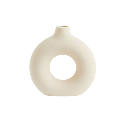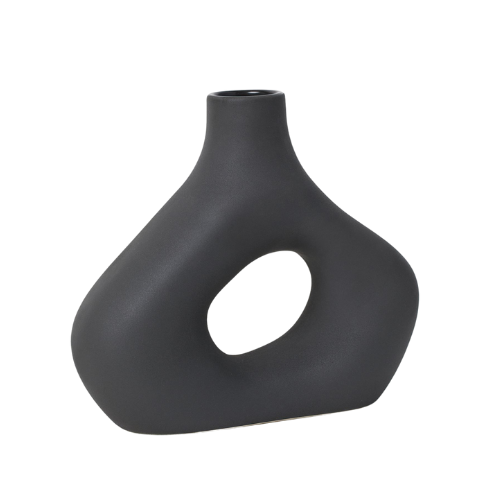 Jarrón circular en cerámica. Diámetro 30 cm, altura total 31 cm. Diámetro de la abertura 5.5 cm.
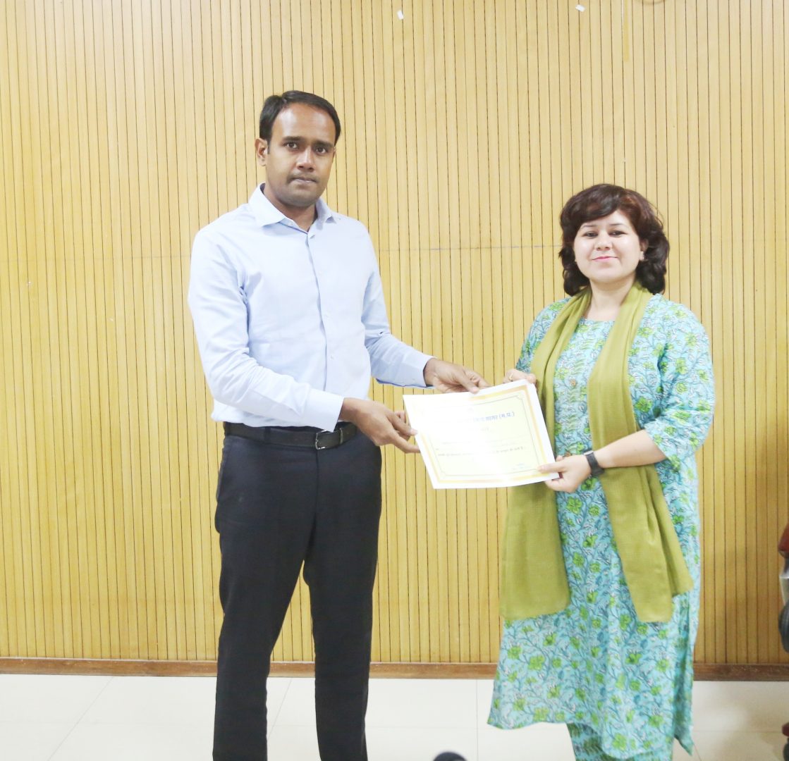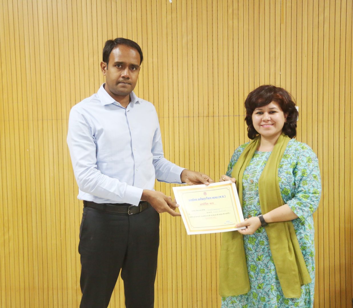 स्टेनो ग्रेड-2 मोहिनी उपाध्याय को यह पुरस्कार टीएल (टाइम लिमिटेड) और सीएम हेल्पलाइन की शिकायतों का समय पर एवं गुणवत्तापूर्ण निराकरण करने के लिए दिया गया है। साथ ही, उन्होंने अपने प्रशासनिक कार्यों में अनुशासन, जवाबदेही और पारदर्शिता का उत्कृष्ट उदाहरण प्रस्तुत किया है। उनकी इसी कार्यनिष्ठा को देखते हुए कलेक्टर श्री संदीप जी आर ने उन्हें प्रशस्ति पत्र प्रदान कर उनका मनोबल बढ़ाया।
####
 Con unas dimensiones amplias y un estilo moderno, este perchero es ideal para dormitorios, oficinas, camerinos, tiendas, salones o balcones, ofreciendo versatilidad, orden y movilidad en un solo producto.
####
What this task involves: Within the listing above, write out the stretch from the line with "Jarrón circular en" through the line with "स्टेनो ग्रेड-2 मोहिनी" exactly. Any pictures are to be left out.

Expected answer:
 Jarrón circular en cerámica. Diámetro 30 cm, altura total 31 cm. Diámetro de la abertura 5.5 cm.
 स्टेनो ग्रेड-2 मोहिनी उपाध्याय को यह पुरस्कार टीएल (टाइम लिमिटेड) और सीएम हेल्पलाइन की शिकायतों का समय पर एवं गुणवत्तापूर्ण निराकरण करने के लिए दिया गया है। साथ ही, उन्होंने अपने प्रशासनिक कार्यों में अनुशासन, जवाबदेही और पारदर्शिता का उत्कृष्ट उदाहरण प्रस्तुत किया है। उनकी इसी कार्यनिष्ठा को देखते हुए कलेक्टर श्री संदीप जी आर ने उन्हें प्रशस्ति पत्र प्रदान कर उनका मनोबल बढ़ाया।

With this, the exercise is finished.